Nevertheless, pubs have retained their special character. One of their notable aspects is that there is no waiter service. If you want something, you have to go and ask for it at the bar. This may not seem very welcoming and a strange way of making people feel comfortable and relaxed. But to British people it is precisely this. To be served at a table is discomforting for many people. It makes them feel they have to be on their best behaviour. But because in pubs you have to go and fetch your drinks yourself, it is more informal. You can get up and walk around whenever you want-like being in your own house. This ‘home from home’ aspect of the pub is encouraged by the relationship between customers and those who work there. The latter are expected to know the regulars personally, to know what their usual drink is and to chat with them when they are not serving someone. It is also encouraged by the availability of pub games (most typically darts) and, frequently, a television.

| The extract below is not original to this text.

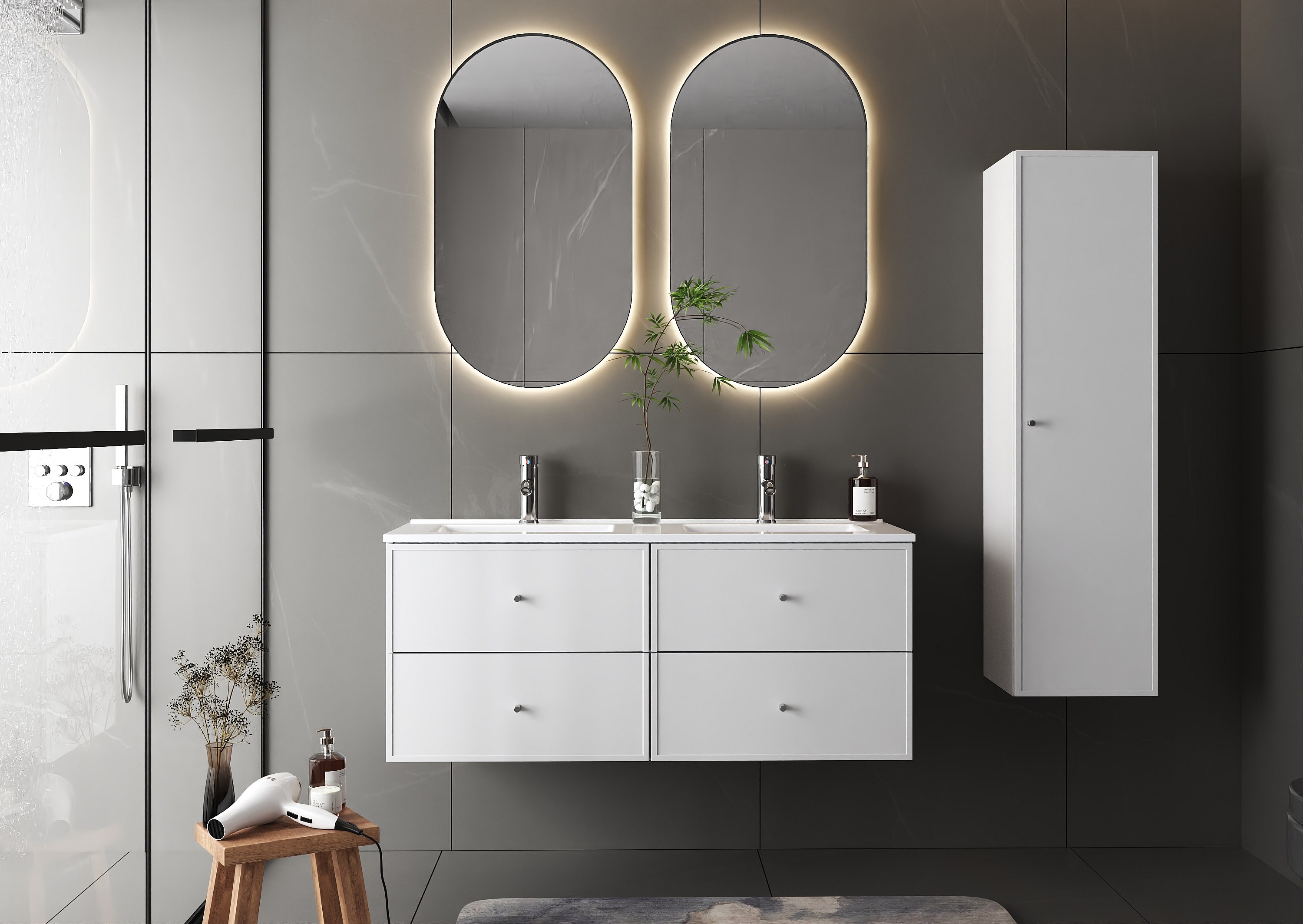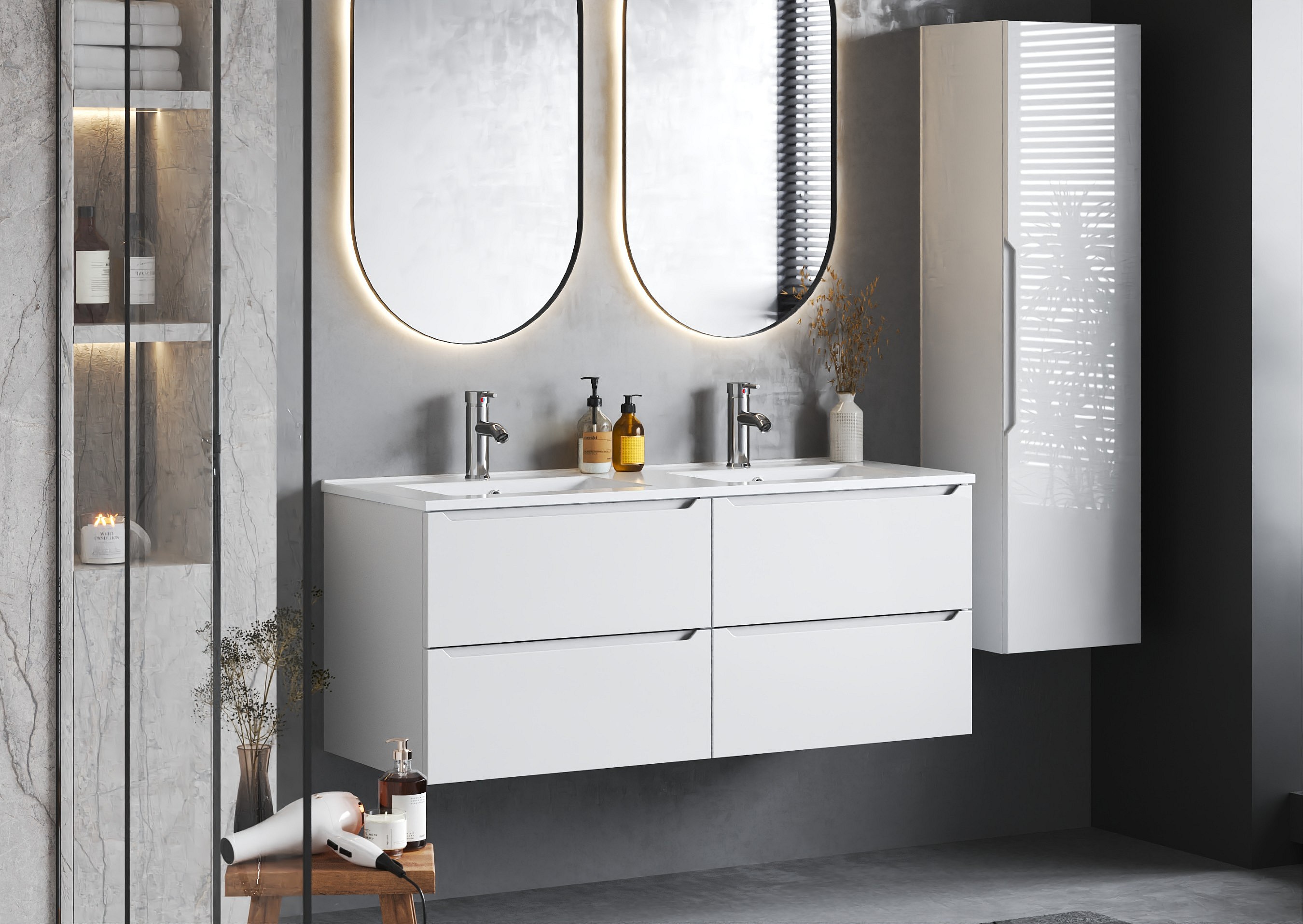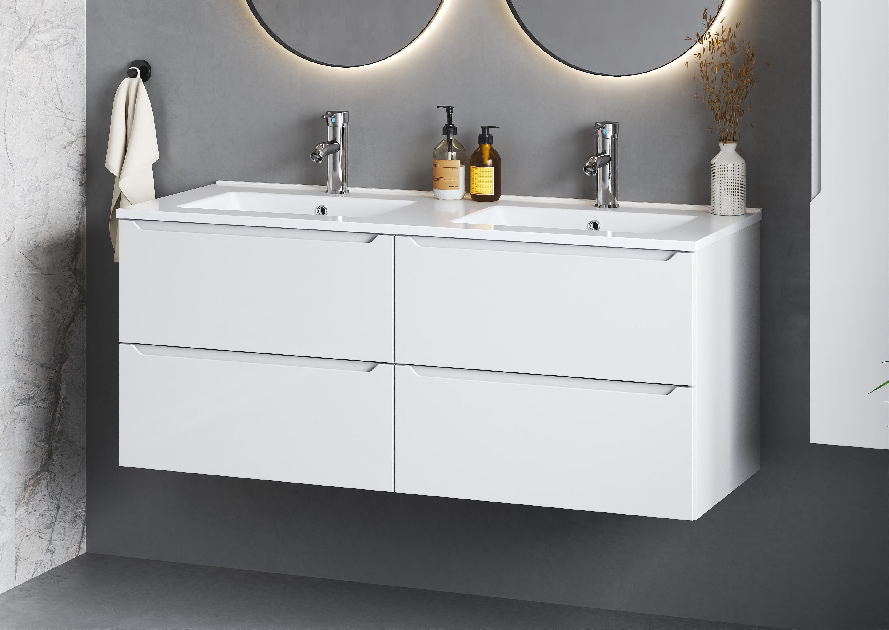 Weißes Badezimmer-Set 120 cm Schrank mit Waschbecken Etna
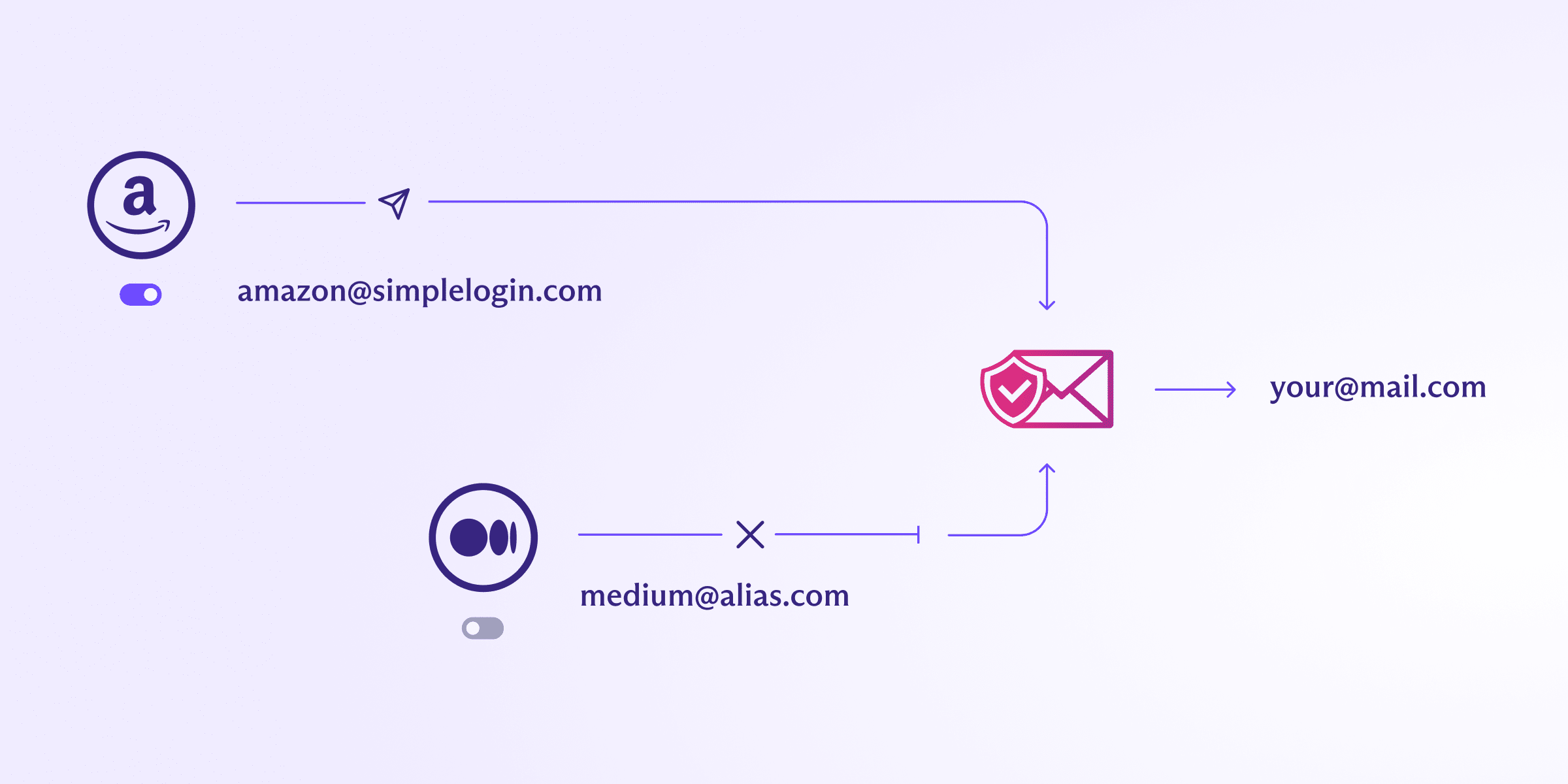 Par exemple, imaginez que vous vous inscrivez sur un site internet en utilisant un alias (website1@yourname.simplelogin.com) et puis que ce site internet envoie un e-mail à votre véritable adresse e-mail (realemail@protonmail.com). Dans ce cas, vous pouvez supposer qu’il est probablement pas un e-mail légitime, car le site internet réel n’avait pas accès à votre véritable adresse e-mail lors de votre inscription.

A notable aspect of British pubs is their frequent appeal to the idea of tradition. For example, each has its own name, proclaimed on a sign hanging outside, always with old-fashioned associations. Many are called by the name of some aristocrat (e.g. ‘The Duke of Cambridge’) or after a monarch; others take their names from some traditional occupation (e.g. ‘The Bricklayer’s Arms’); they often have rural associations (e.g. ‘The Sheep Shearers’, ‘The Bull’). To call a pub ‘The Computer Programmers’ or ‘The Ford Focus’ or something like that would be to make a very definite statement! For the same reason, the person who runs a pub is referred to as the ‘landlord’- even though he or she is, in reality, a tenant. Nearly all pubs are owned by commercial companies. The ‘landlord’ is simply employed by the company as its manager. But the word is used because it evokes earlier times when all pubs were privately owned ‘inns’ where travelers could find a bed for the night.